**ACTIVITY:**
Your answer must restate each entry below word for word, with no pictures in it.

══ EXTRACTED DATA

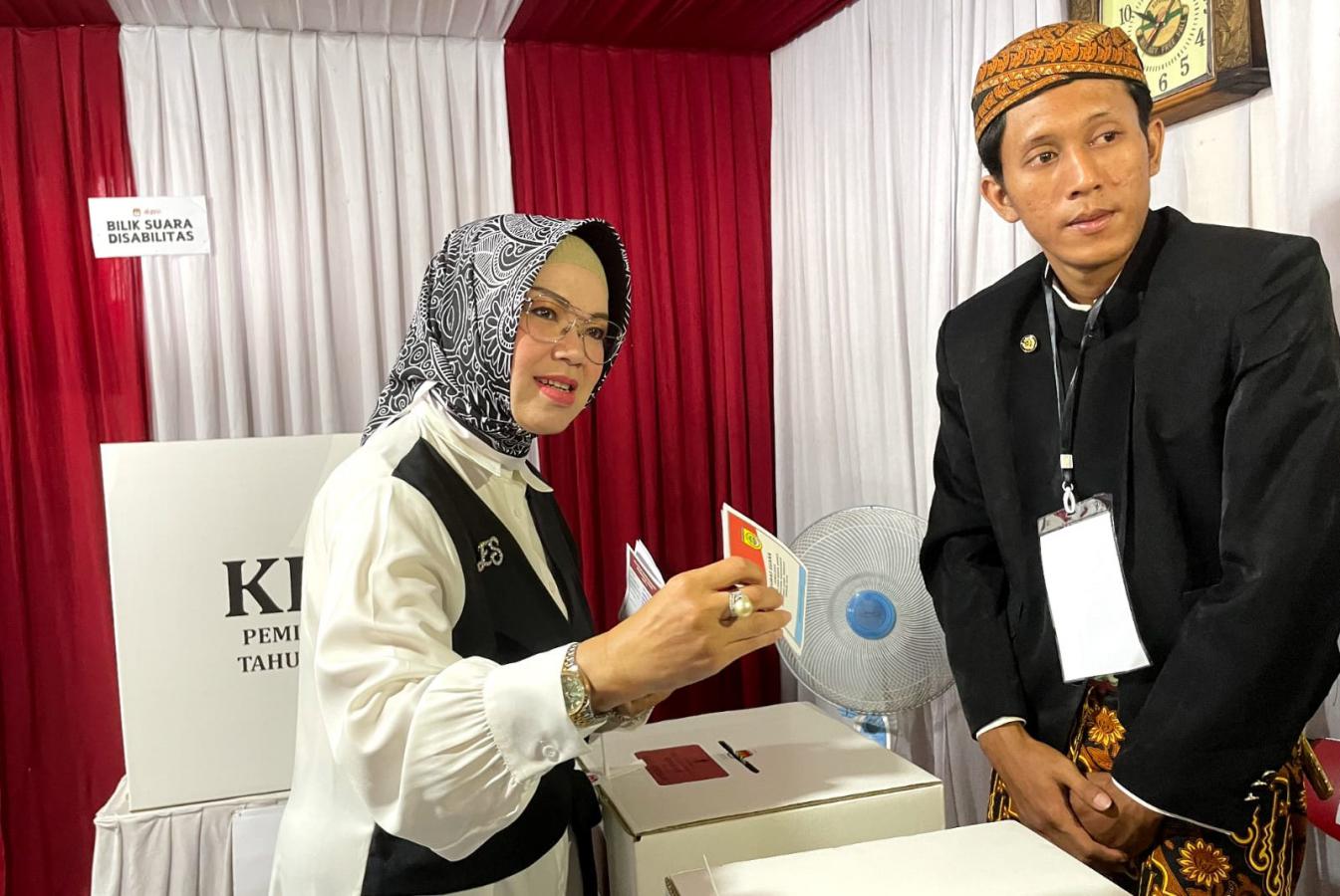 Usai menggunakan hak pilihnya, Etik mengaku sengaja datang pagi karena ada kegiatan pantauan di sejumlah TPS bersama Forkopimda.
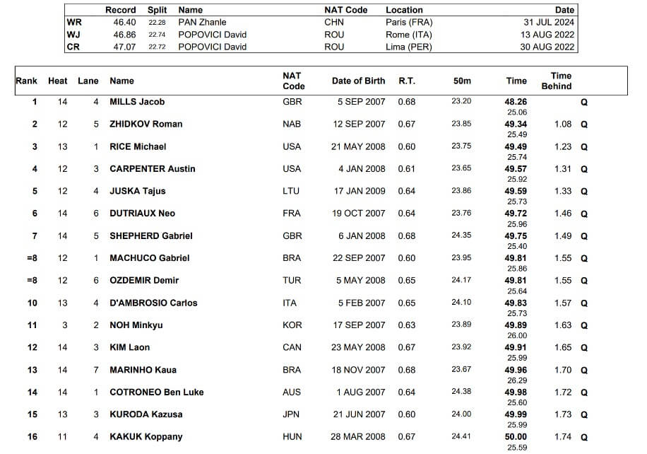 Japan’s Raito Numata secured the top seed in the final of the 400 individual medley after cruising through his prelim in 4:16.96, which was slightly quicker than the 4:17.20 of China’s Zheng Yi. Romanian Robert-Andrei Badea was third in 4:19.37 while Japan’s Yumeki Kojima was fifth in 4:21.10. Kojima is the world junior record holder at 4:09.38 and earlier was the silver medalist in the 200 IM.
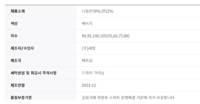 | 1. 제품 소재 (섬유의 조성 또는 혼용률을 백분율로 표시, 기능성인 경우 성적서 또는 허가서) | 상품상세참조 |
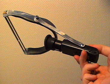 Der Bau des "Visors" gestaltete sich dann auch als rel. einfach - ein 2mm Alubügel wird der Stirnform genau angepaßt und auf der Innenseite mit einem Schaumstoff beklebt. Ein Gummiband hält nun die Apparatur in gewünschter Position. - Das Ganze sitzt wesentlich bequemer als es aussieht. Ein geschirmtes Kabel sorgt für die Stromversorgung sowie für das Videosiganal für den Visor - dieser wird über einen Spannungsregler (6V) aus dem Empfänger (12V) versorgt.
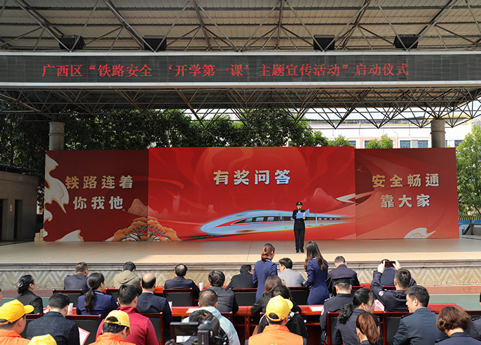 活動(dòng)現(xiàn)場(chǎng),錦華小學(xué)學(xué)生“紅領(lǐng)巾護(hù)路隊(duì)”代表宣讀愛(ài)路護(hù)路倡議書(shū);學(xué)生表演《愛(ài)路護(hù)路我能行》節(jié)目,以快板和舞蹈的形式宣傳鐵路安全知識(shí);鐵路青年志愿者通過(guò)護(hù)路快板表演,將鐵路安全小知識(shí)改編成朗朗上口的順口溜,讓人印象深刻;南寧站派出所民警上臺(tái)講解鐵路安全注意事項(xiàng),進(jìn)一步提升未成年人法律意識(shí)和安全意識(shí)。
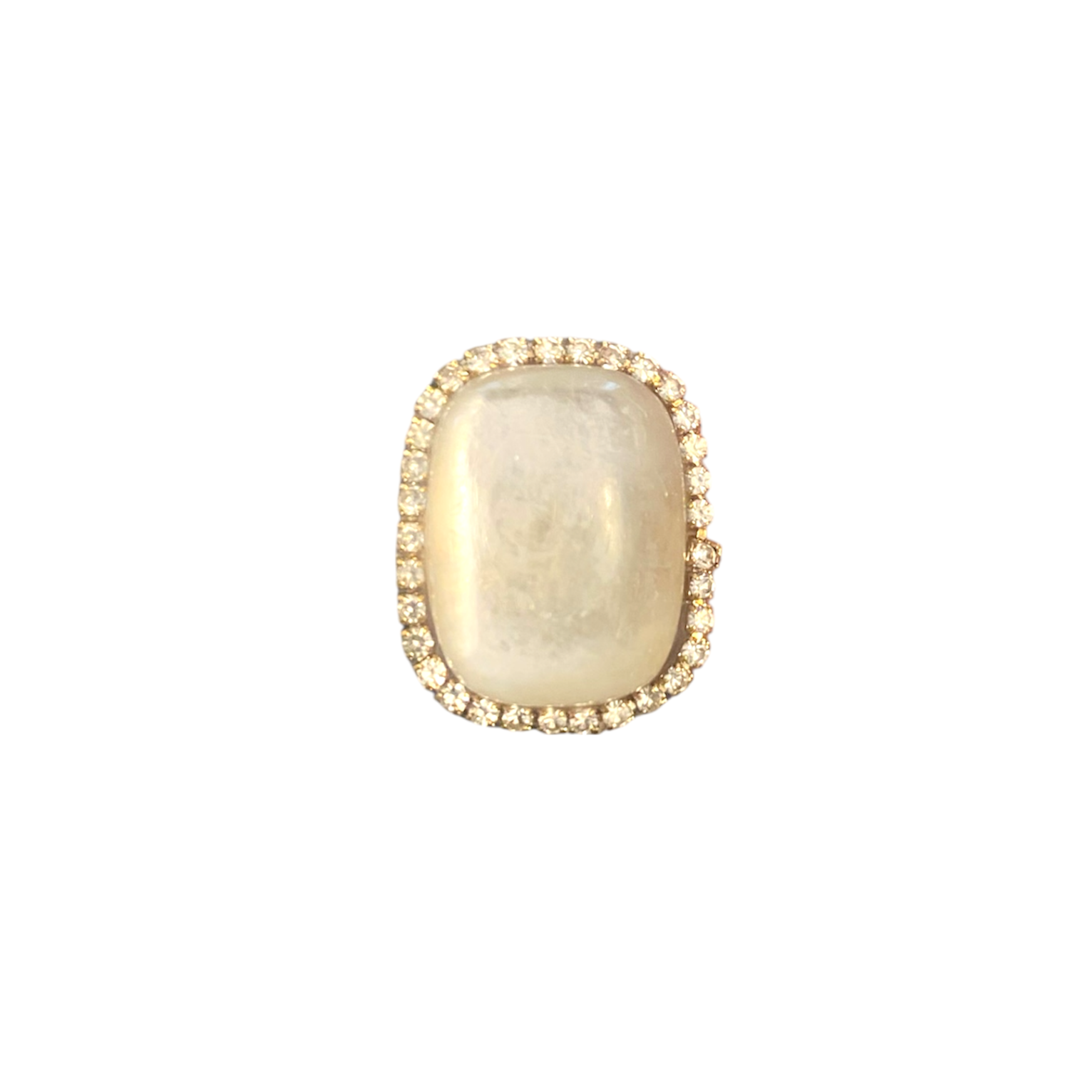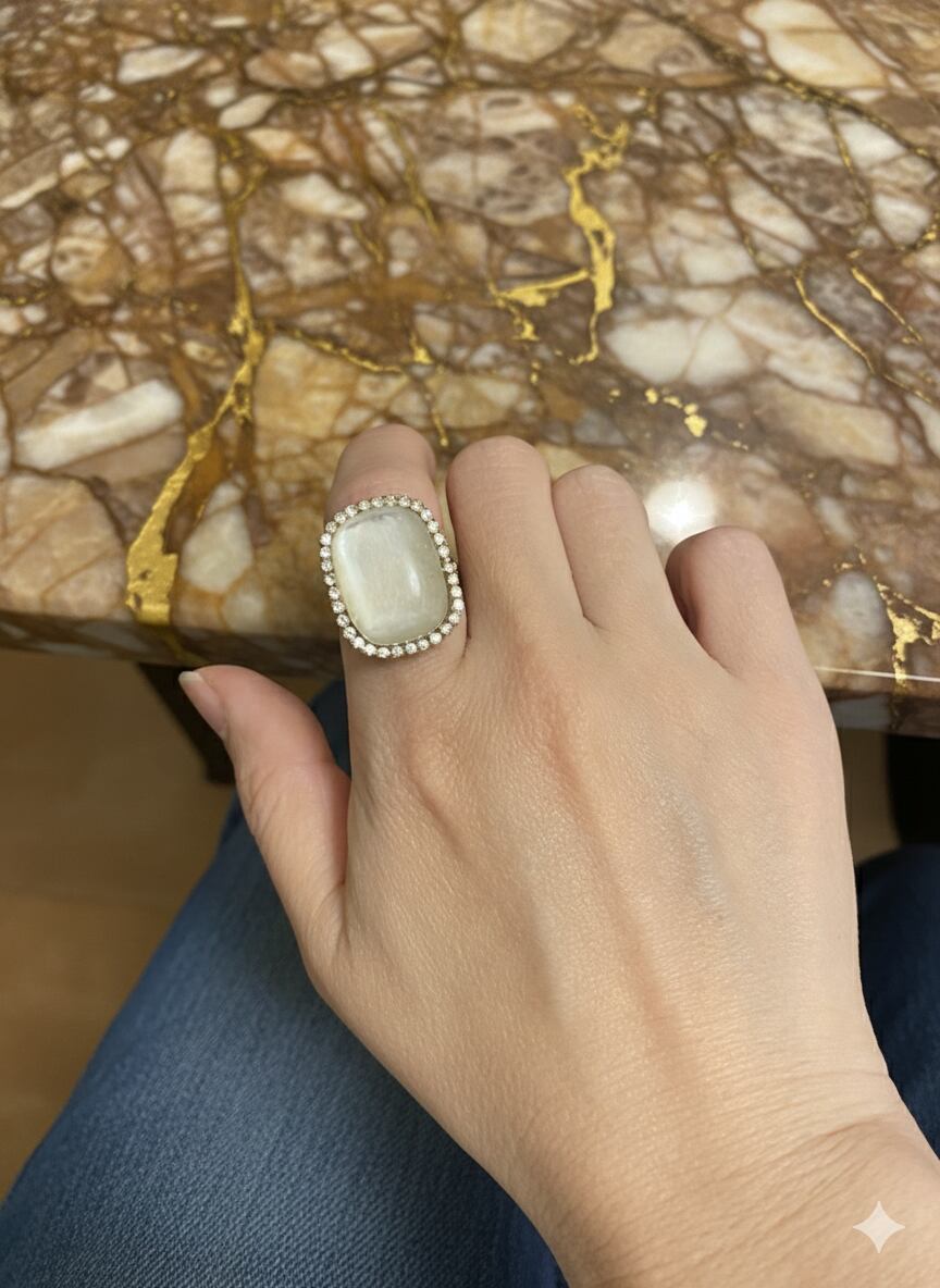 圧倒的な存在感を放つ、大粒のムーンストーンを主役にしたラグジュアリーなリングです。

════

**RESPONSE TO THIS EXERCISE:**
 Usai menggunakan hak pilihnya, Etik mengaku sengaja datang pagi karena ada kegiatan pantauan di sejumlah TPS bersama Forkopimda.
 Japan’s Raito Numata secured the top seed in the final of the 400 individual medley after cruising through his prelim in 4:16.96, which was slightly quicker than the 4:17.20 of China’s Zheng Yi. Romanian Robert-Andrei Badea was third in 4:19.37 while Japan’s Yumeki Kojima was fifth in 4:21.10. Kojima is the world junior record holder at 4:09.38 and earlier was the silver medalist in the 200 IM.
 | 1. 제품 소재 (섬유의 조성 또는 혼용률을 백분율로 표시, 기능성인 경우 성적서 또는 허가서) | 상품상세참조 |
 Der Bau des "Visors" gestaltete sich dann auch als rel. einfach - ein 2mm Alubügel wird der Stirnform genau angepaßt und auf der Innenseite mit einem Schaumstoff beklebt. Ein Gummiband hält nun die Apparatur in gewünschter Position. - Das Ganze sitzt wesentlich bequemer als es aussieht. Ein geschirmtes Kabel sorgt für die Stromversorgung sowie für das Videosiganal für den Visor - dieser wird über einen Spannungsregler (6V) aus dem Empfänger (12V) versorgt.
 活動(dòng)現(xiàn)場(chǎng),錦華小學(xué)學(xué)生“紅領(lǐng)巾護(hù)路隊(duì)”代表宣讀愛(ài)路護(hù)路倡議書(shū);學(xué)生表演《愛(ài)路護(hù)路我能行》節(jié)目,以快板和舞蹈的形式宣傳鐵路安全知識(shí);鐵路青年志愿者通過(guò)護(hù)路快板表演,將鐵路安全小知識(shí)改編成朗朗上口的順口溜,讓人印象深刻;南寧站派出所民警上臺(tái)講解鐵路安全注意事項(xiàng),進(jìn)一步提升未成年人法律意識(shí)和安全意識(shí)。
 圧倒的な存在感を放つ、大粒のムーンストーンを主役にしたラグジュアリーなリングです。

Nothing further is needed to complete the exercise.